TASK REQUIREMENTS:
Shown below are entries with pictures; the line with "孩子感冒好了咳嗽一直没好可通" through the line with "Silhouette — это" is the span to retype exactly, and the pictures stay out.

THE DATA:
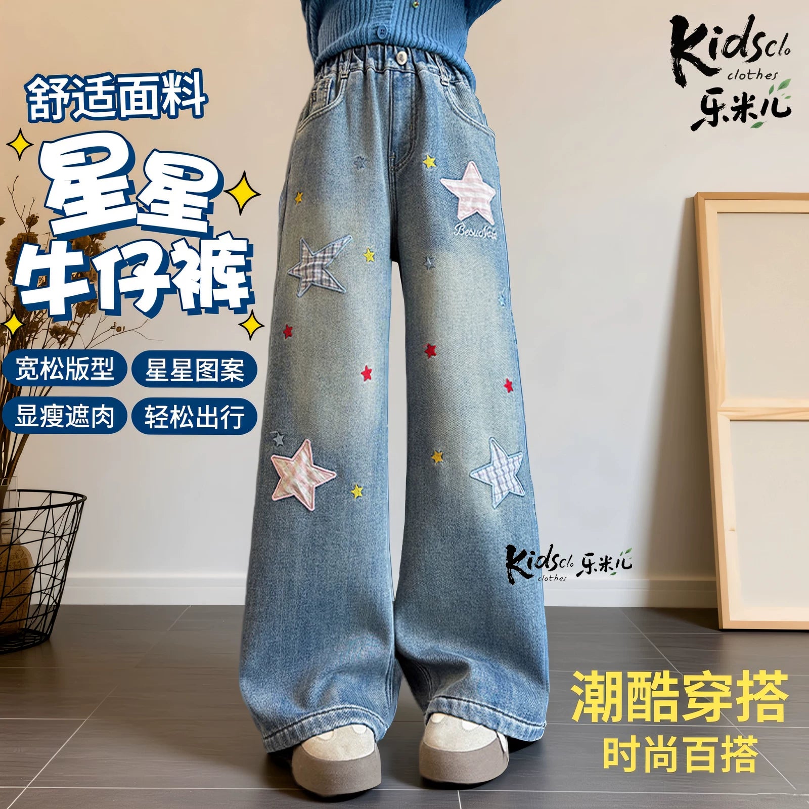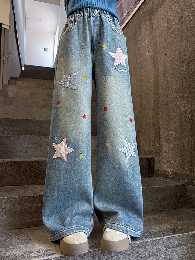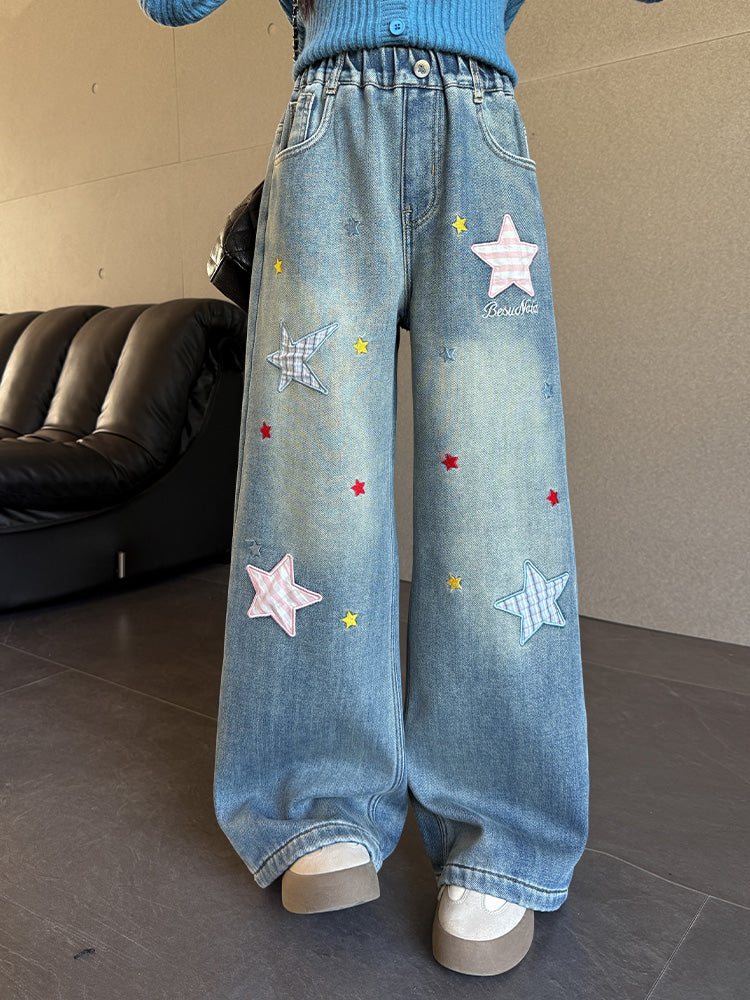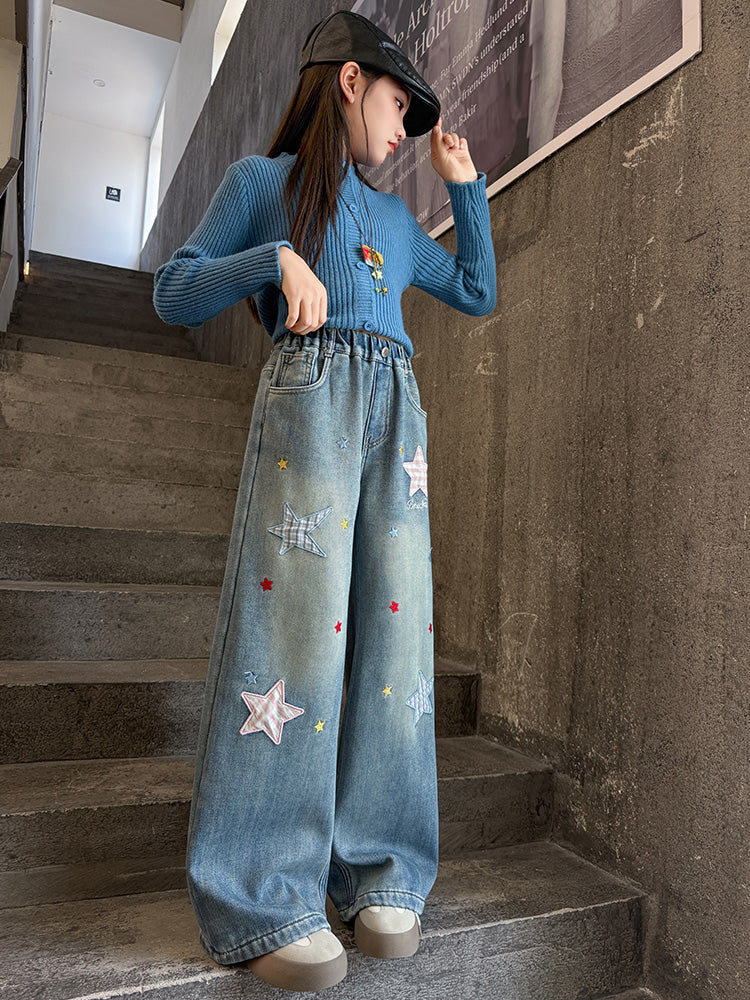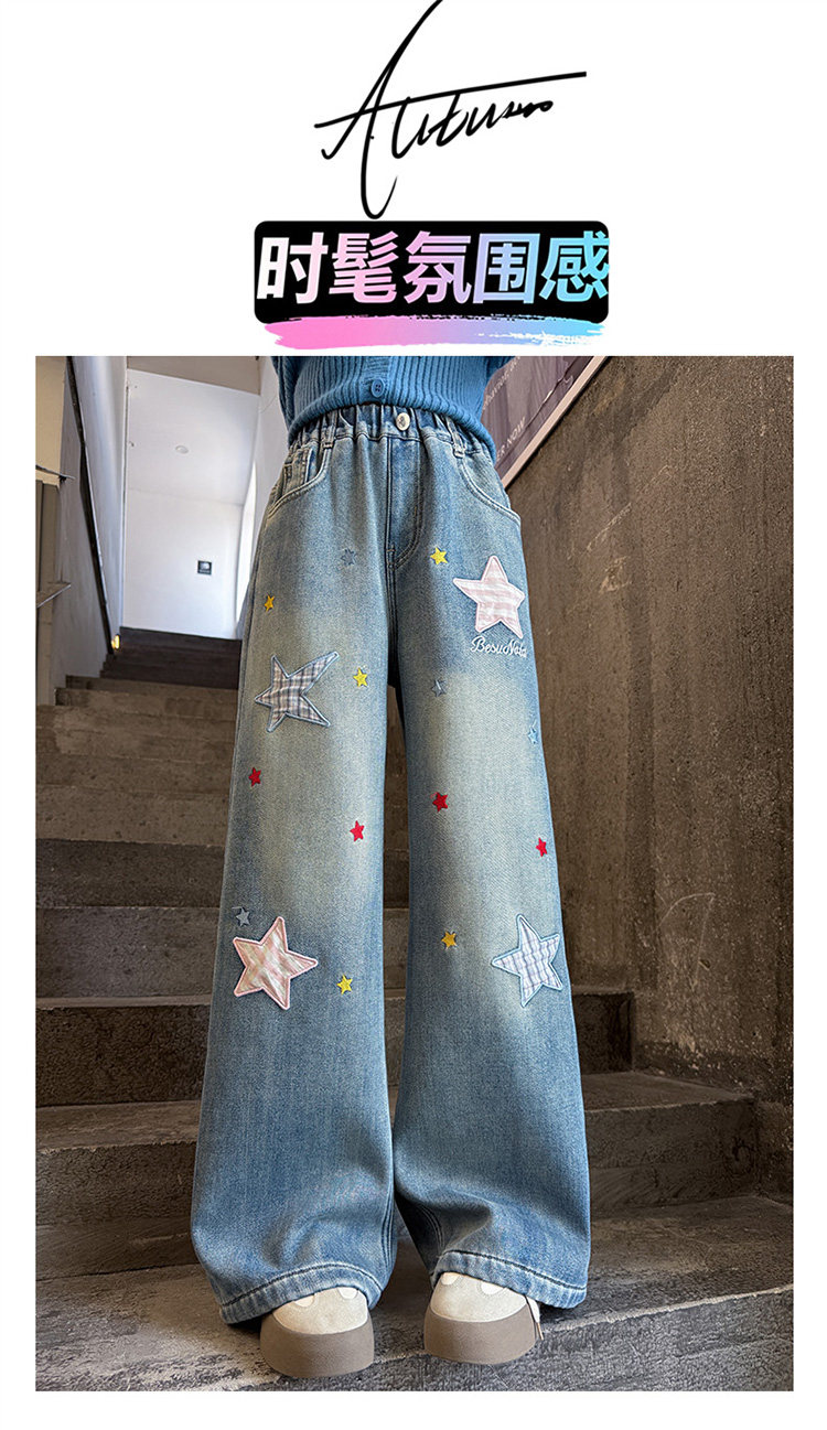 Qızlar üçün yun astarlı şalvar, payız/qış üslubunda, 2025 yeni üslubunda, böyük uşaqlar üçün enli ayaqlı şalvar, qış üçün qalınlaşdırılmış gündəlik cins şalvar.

==

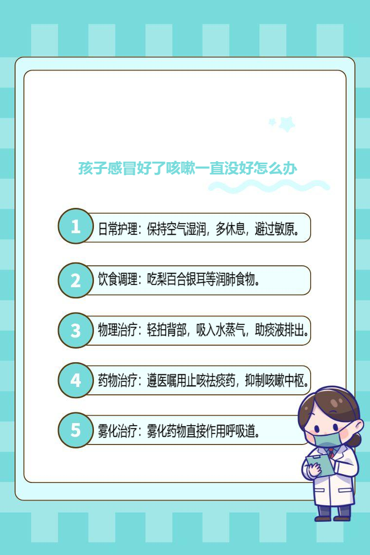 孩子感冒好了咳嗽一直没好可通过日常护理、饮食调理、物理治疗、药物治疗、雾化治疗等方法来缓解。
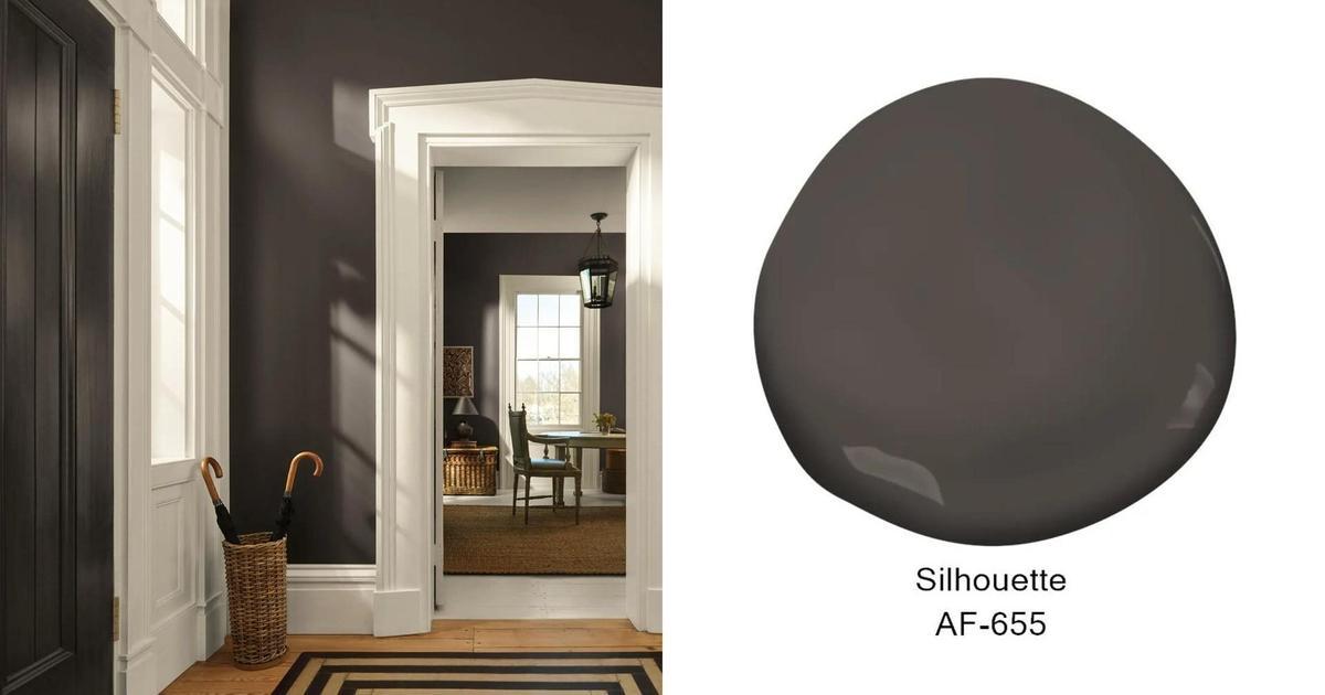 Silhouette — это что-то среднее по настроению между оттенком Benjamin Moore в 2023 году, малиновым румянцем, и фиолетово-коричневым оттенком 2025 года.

YOUR RESPONSE:
 孩子感冒好了咳嗽一直没好可通过日常护理、饮食调理、物理治疗、药物治疗、雾化治疗等方法来缓解。
 Silhouette — это что-то среднее по настроению между оттенком Benjamin Moore в 2023 году, малиновым румянцем, и фиолетово-коричневым оттенком 2025 года.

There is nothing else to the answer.